I've trimmed the code and inlined it (the playground didn't seem to have async_std):
use async_std::{
io,
prelude::*,
task,
net::{TcpListener, TcpStream, ToSocketAddrs},
};
type Result<T> = std::result::Result<T, Box<dyn std::error::Error + Send + Sync>>;
use std::sync::Arc;
use std::path::PathBuf;
use threadpool::ThreadPool;
enum HashAlg {
Sha2_256
}
struct Job {
pathname: PathBuf,
alg: HashAlg,
id: String,
//sock: io::BufWriter
}
async fn accept_loop(addr: impl ToSocketAddrs) -> Result<()> {
let listener = TcpListener::bind(addr).await?;
let mut incoming = listener.incoming();
while let Some(stream) = incoming.next().await {
let stream = stream?;
println!("Accepting from: {}", stream.peer_addr()?);
let _handle = task::spawn(connection_loop(stream));
}
Ok(())
}
async fn connection_loop(stream: TcpStream) -> Result<()> {
let reader = io::BufReader::new(&stream);
let mut lines = reader.lines();
let tpool = ThreadPool::new(4);
while let Some(line) = lines.next().await {
let line = line?;
let (alg, rest) = match line.find(' ') {
None => continue,
Some(idx) => (&line[..idx], line[idx+1 ..].trim()),
};
let (id, fname) = match rest.find(' ') {
None => continue,
Some(idx) => (&rest[..idx], rest[idx+1 ..].trim()),
};
println!("alg: '{}' id: '{}' fname: '{}'", alg, id, fname);
let alg = HashAlg::Sha2_256;
let jobspec = Job { pathname: std::path::PathBuf::from(fname), alg,
id: id.to_string() };
tpool.execute(move|| {
println!("{}", jobspec.id);
println!("Launched thread!");
});
tpool.join();
Ok(())
}
Because the hash results aren't actually required in the executor thread my initial instinct was to try to pass a writer to the thread, and have the thread actually write the response once it's done. This however turned out to be more complicated than I had initially thought. (Need to split out the writer, and it would further need to be shared and protected).

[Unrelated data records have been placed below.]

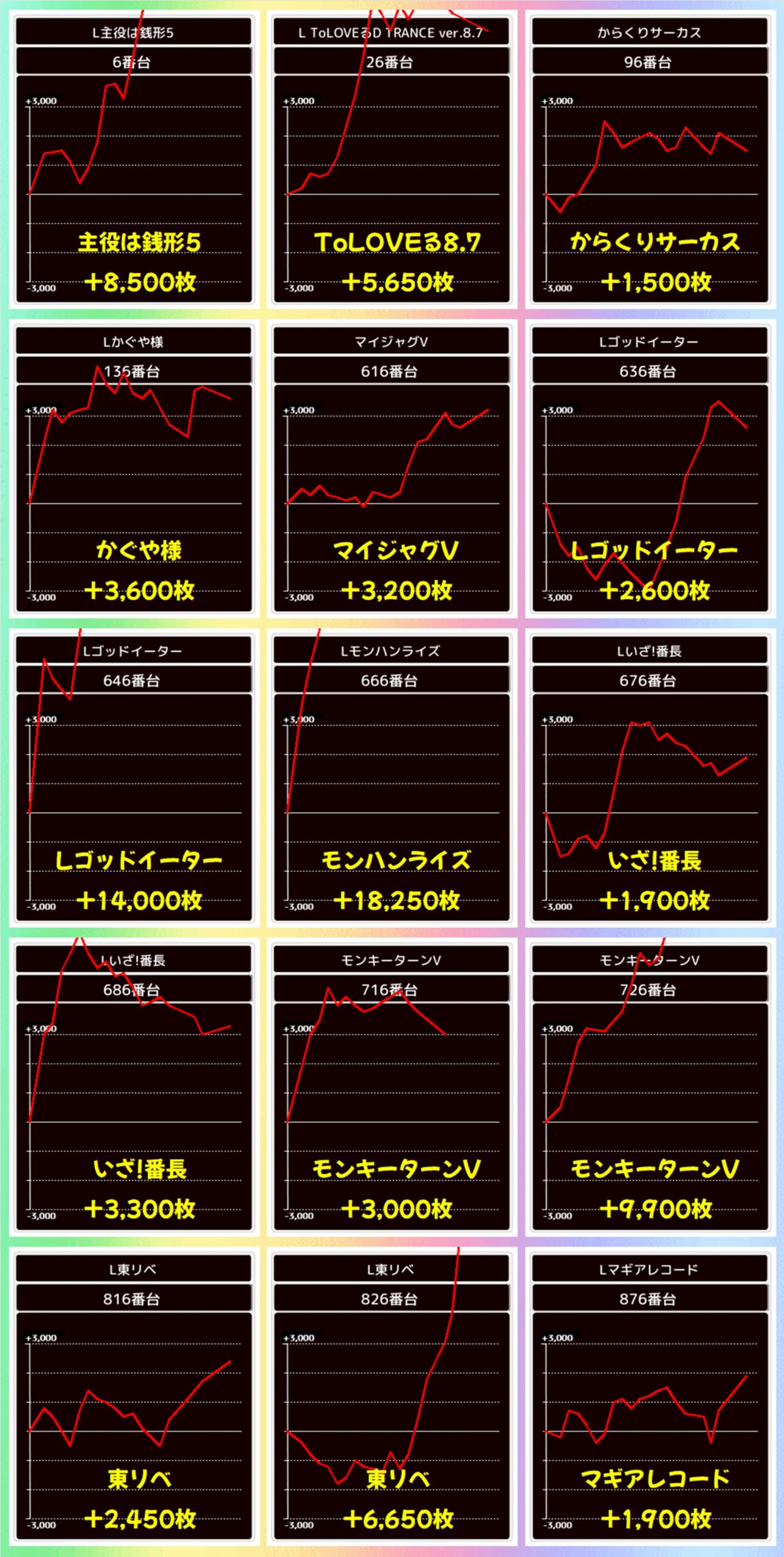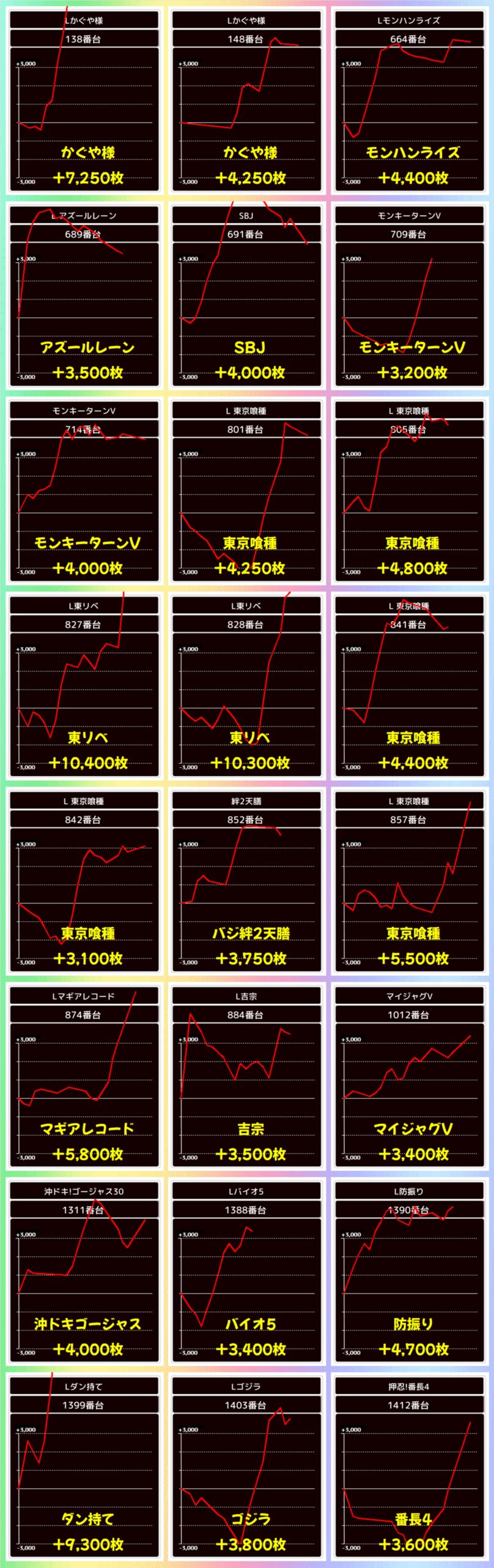 紹介してきた仕掛け以外からも多数のお宝台を確認でき、東リベからは+10400枚、+10300枚と単品の万枚オーバーが2台あり。その他、かぐや様、マギアレコード、ダン持てなど幅広い機種から優秀な出玉が出現しておりましたね!
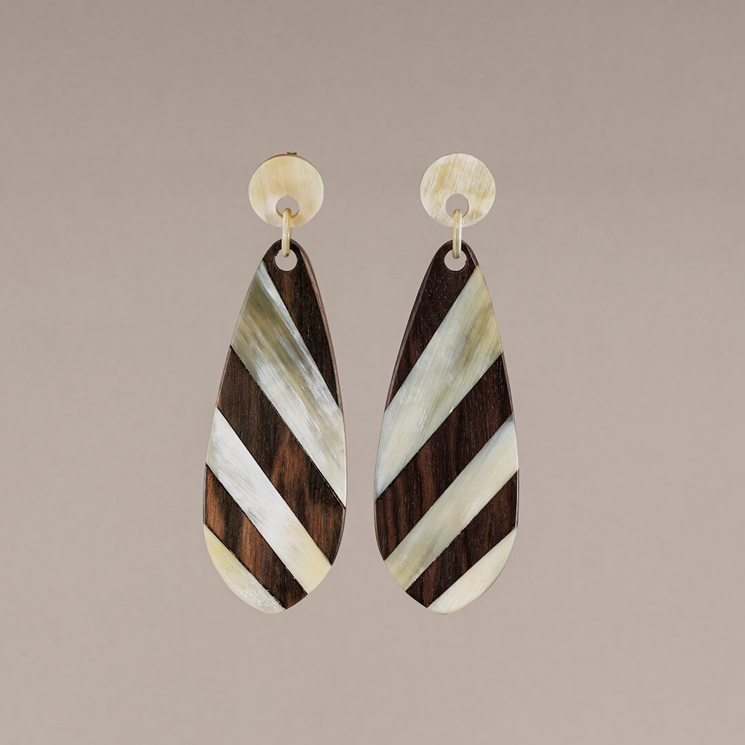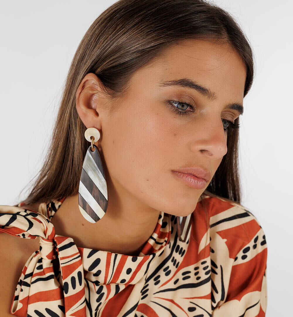 Los Pendientes Splendido son una de esas piezas que no necesitan presentación. Hechos en Italia con cuerno de búfalo natural, destacan por su forma alargada y su diseño en franjas diagonales que mezclan tonos oscuros y claros, consiguiendo un contraste súper elegante. Cada pendiente es único, con esas pequeñas vetas y matices que solo el cuerno auténtico puede tener.
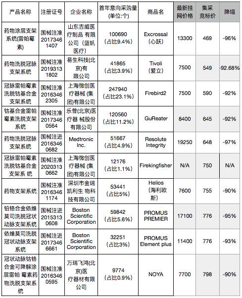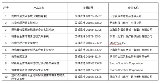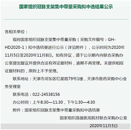 11月5日,备受瞩目的首次国家组织高值医用耗材集中带量采购在天津开标。天津市医药采购中心发布“国家组织冠脉支架集中带量采购拟中选结果公示”,本次集中带量采购的冠脉支架材质为钴铬合金或铂铬合金,载药种类为雷帕霉素及其衍生物,采购周期为两年,预计全国患者将于2021年1月用上国家集采降价后的中选产品。拟中选结果公示时间为2020年11月5日至2020年11月8日。其中8家企业的10个产品拟中标。
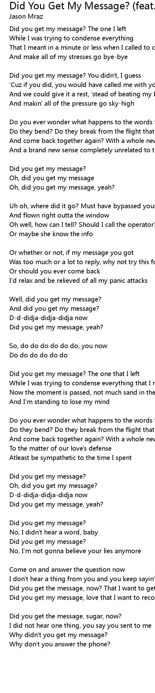 Did You Get My Message? (feat. Rachael Yamagata) Lyrics
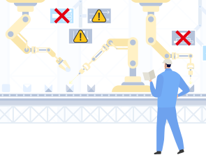 “製造現場”と“経営”をつなぎ、変化するビジネス環境に迅速かつ柔軟に対応します。FA(工場自動化)やIoT技術を活用し、ライン制御や指図管理、設備保全管理を含む製造現場の稼働状況をリアルタイムに把握・管理します。30年以上にわたり幅広い業種のお客さまに導入されており、長年の知見を活かして現場作業者(フロントラインワーカー)の業務効率化や課題解決を支援し、製造DXの実現を促進します。
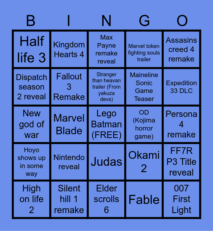 This bingo card has a free space and 24 words: Nintendo reveal, Silent hill 1 remake, Stranger than heavan trailer (From yakuza devs), High on life 2, Assasins creed 4 remake, Half life 3, Dispatch season 2 reveal, Kingdom Hearts 4, OD (Kojima horror game), Judas, Maineline Sonic Game Teaser, New god of war, Okami 2, FF7R P3 Title reveal, Fallout 3 Remake, Fable, Persona 4 remake, Max Payne remake reveal, Expedition 33 DLC, Marvel Blade, 007 First Light, Hoyo shows up in some way, Marvel token fighting souls trailer and Elder scrolls 6.
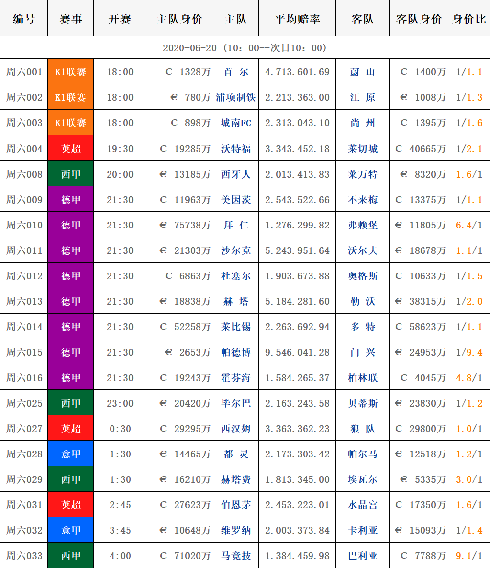 6月20日赛事|周六球队对阵身价表
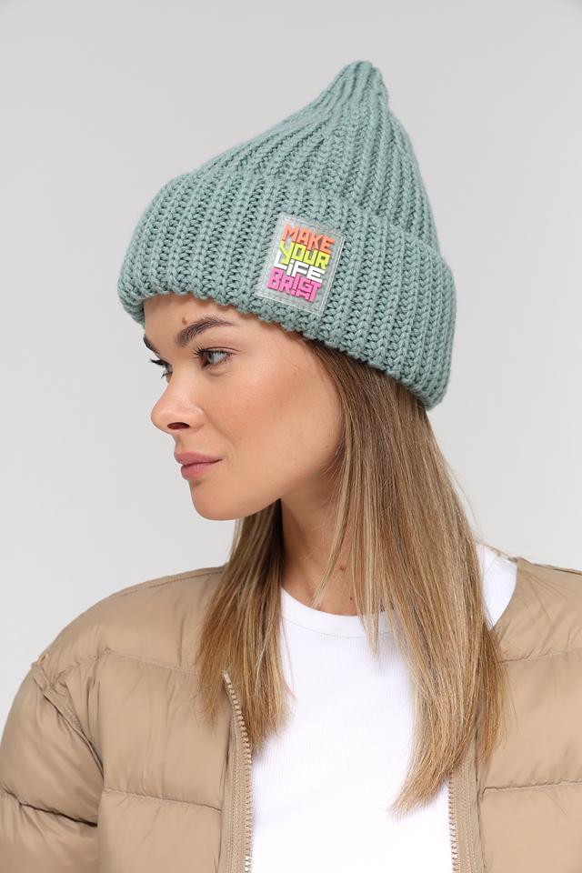 Вязаная текстура шапки не только стильно выглядит, но и обеспечивает дополнительное тепло в холодную погоду. На шапке расположен яркий цветной принт с надписью, который добавляет ей индивидуальности.
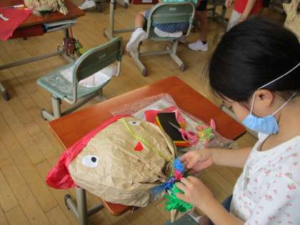 ぎゅっとしたくなる友達が完成してきています。「かわいくしたいから、色紙を切って飾りを作ろう」「目は気持ちがわかるから大事だね」など、思いを形にしようと活動しています。
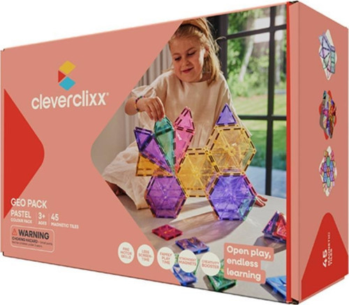 45 parçalık Geo Pack, çocukların geometrik şekilleri tanımasını sağlarken hayal güçlerini özgürce kullanabilecekleri renkli bir oyun alanı sunar. Yumuşak pastel tonlarıyla tasarlanan bu set, mevcut Cleverclixx koleksiyonlarıyla kusursuz şekilde uyum sağlar ve oyun deneyimini zenginleştirir.
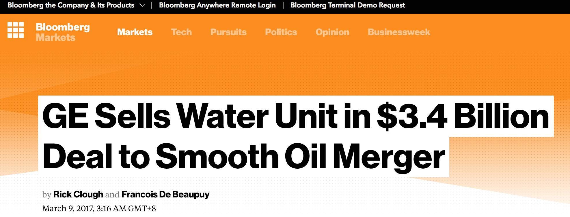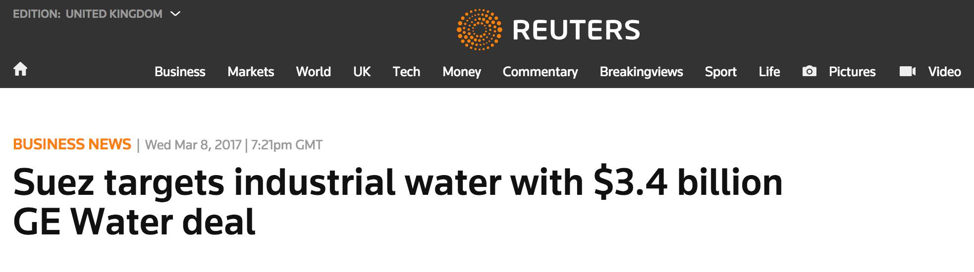 水行業(yè)巨頭法國(guó)蘇伊士環(huán)境聯(lián)合加拿大第二大養(yǎng)老金投資管理機(jī)構(gòu)—魁北克儲(chǔ)蓄投資集團(tuán)(Caisse de dép?t et placement du Québec )正式確認(rèn)收購(gòu)GE水處理。GE水處理是在2016年10月宣布出售的,之后曾出現(xiàn)過(guò)諸如威立雅、全球最大儀器公司丹納赫集團(tuán)(Danaher Corporation)、著名的私人股權(quán)投資和投資管理公司黑石集團(tuán)(Blackstone Group)等潛在買(mǎi)家的傳聞。 在上個(gè)月底,蘇伊士環(huán)境的新聞發(fā)言人也對(duì)外宣布正在考慮收購(gòu)GE工業(yè)水處理業(yè)務(wù)的可能性。是什么讓蘇伊士在官宣之后的半個(gè)月內(nèi)就完成這宗收購(gòu)呢?今天我們將帶大家看看全球各大媒體對(duì)這次收購(gòu)的解讀。
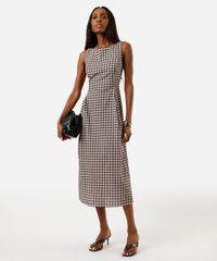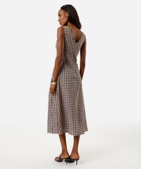 vestido midi feminino de algodão xadrez bege
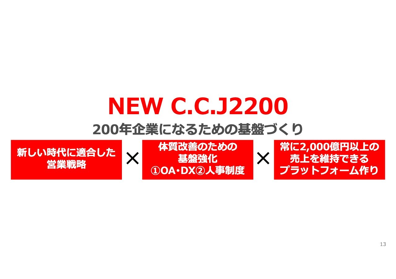 それには戦略の明確化が必要であり、同時に投資も推進していきます。現在は次期中長期経営計画の策定と、「NEW C.C.J2200」の総括を並行して進めているところです。
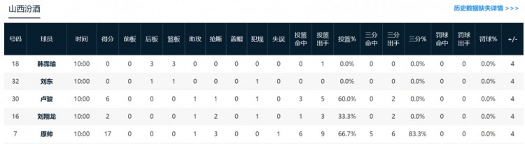 山西:原帅17分1助攻3抢断。
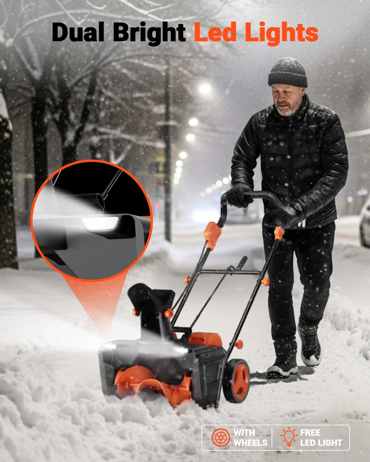 - HIGH MANEUVERABILITY & DIRECTIONAL CHUTE - This snow blower cordless is equipped with smooth wheels and dual LED lights, ensuring that you can easily complete the snow removal tasks both day and night. Moreover, our electric snow blower is equipped with a 180-degree directional chute and features a maximum throwing distance of 25 feet, allowing you to easily select the discharge location and handle various snow removal scenarios.
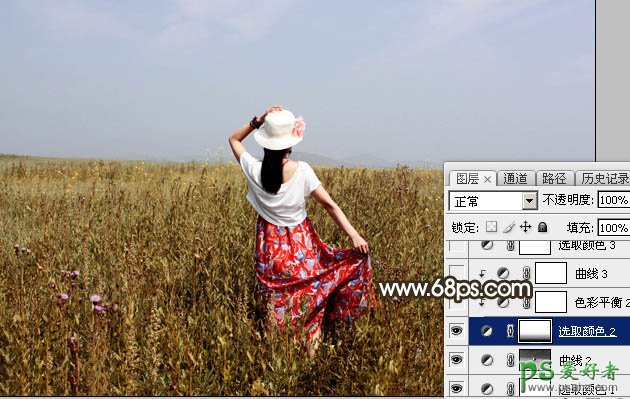 Photoshop给荒野中自拍的唯美意境女生写真图片调出冷调秋景色,素材图片为夏季图片,转秋季色的时候把草地部分的颜色转为较暗的中性黄褐色;最后我们再给天空部分加一点淡蓝色,让整体效果变得更加梦幻,喜欢的朋友们好好学习一下吧! 原图 最终效
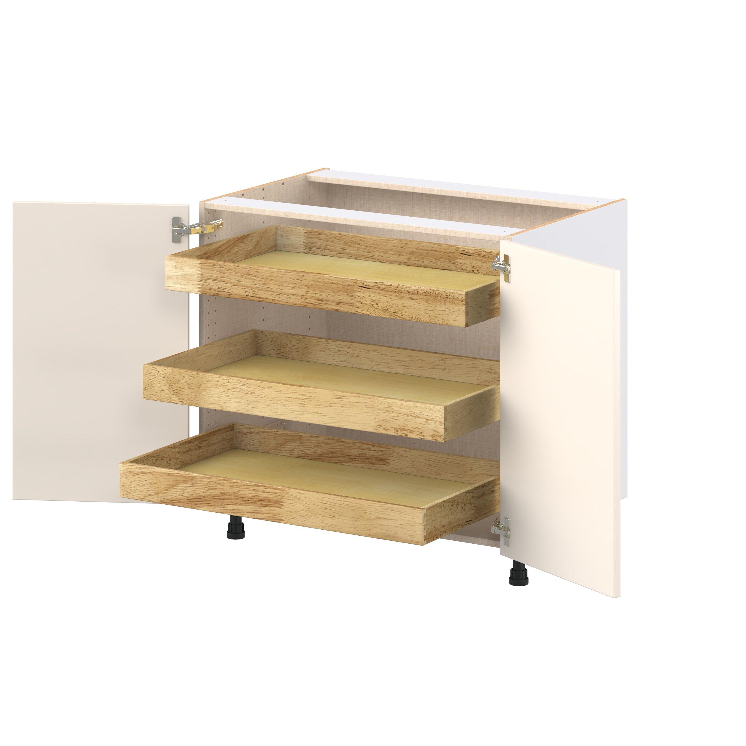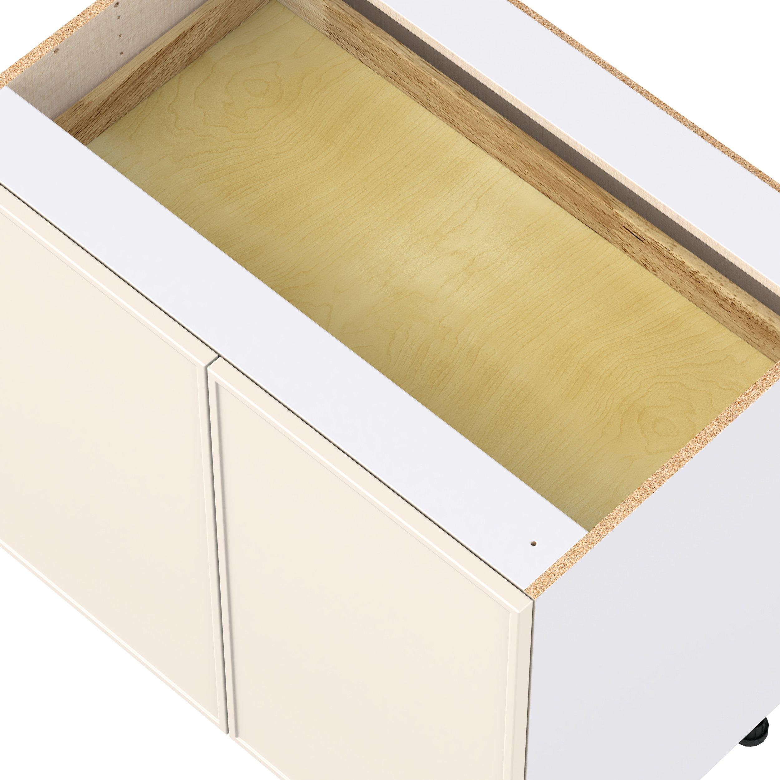 Enjoy a modern twist on a classic with Linden slim shaker cabinets. Available in premium-painted fresh washed linen and earthy moss green finishes, this collection exudes warmth and creates an inviting atmosphere Crafted from one-piece MDF Studio Design Collection Linden 36 in. Painted Washed Linen Base Cabinet with Inner Pull-Out Drawer is designed to resist hairline cracks while the easy-to-clean finish stands up to stains and moisture. Featuring 5-piece doors and dovetail drawer joints, these cabinets offer durability and elegance. This collection combines style with everyday storage solutions.
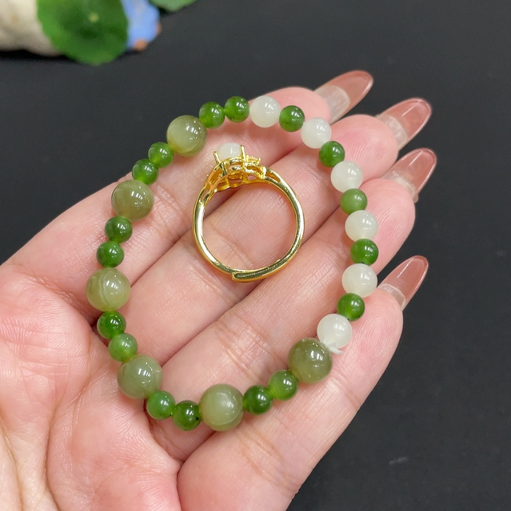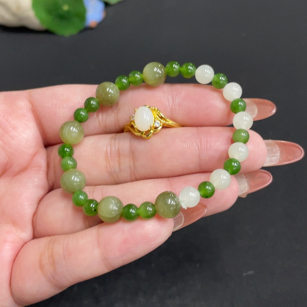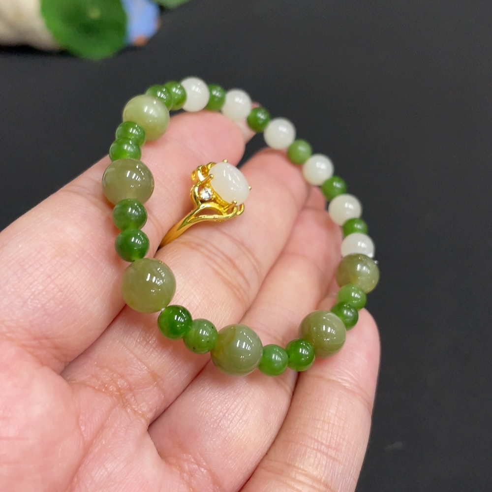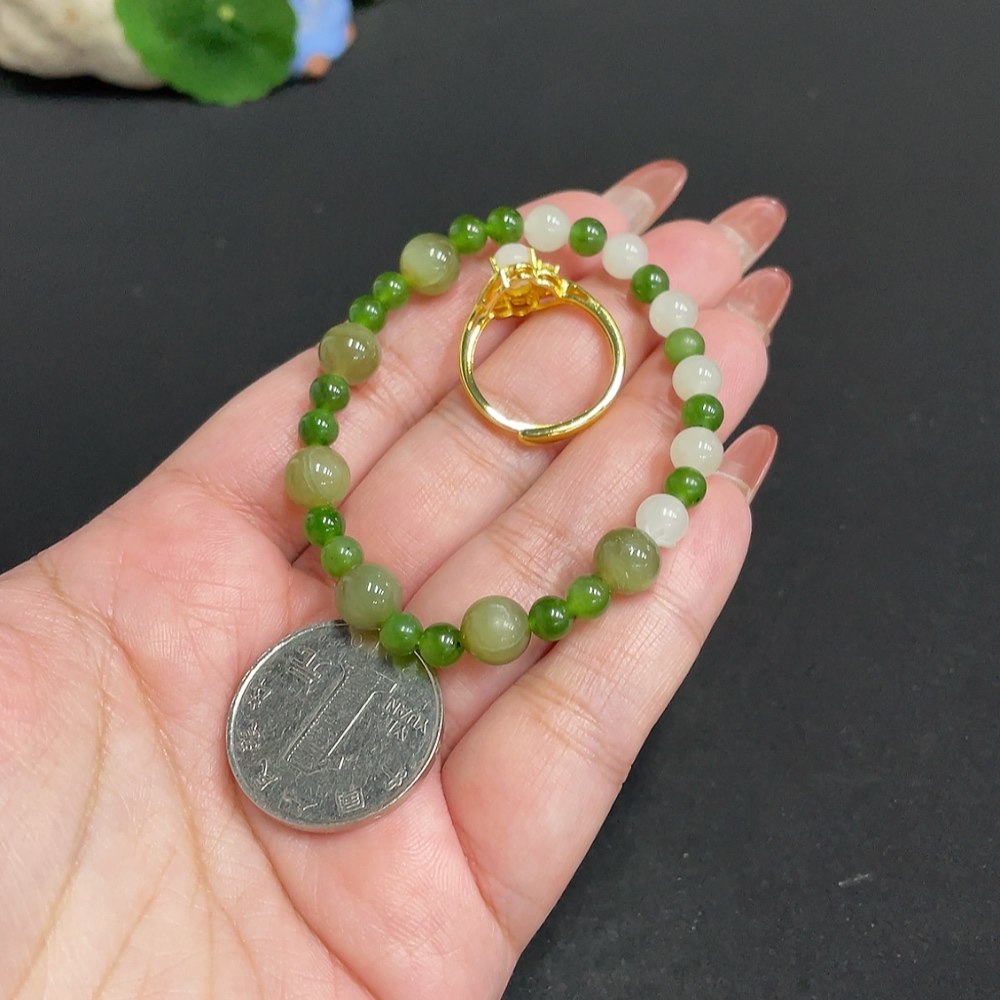 Hetian Jade Bracelet Inlaid with Adjustable Ring Total Weight Approx. 12.1g Non-Gold

I'm wondering if I should be passing the results back to the executor somehow (it would allow me to not have to split out the writer and lock it) -- but I'm not sure how I would go about doing that.
Apparently there's a threadpool specifically for futures. I took a look at an example (futures_threadpool - Rust) and it looks promising, but I'm not sure how I would return the hash to the executor thread. (I don't want to join to wait for result, because the executor needs to keep processing new hash requests).
I get the feeling that I'm thinking about this problem completely wrong, so I'd be grateful for some hints'n'tips.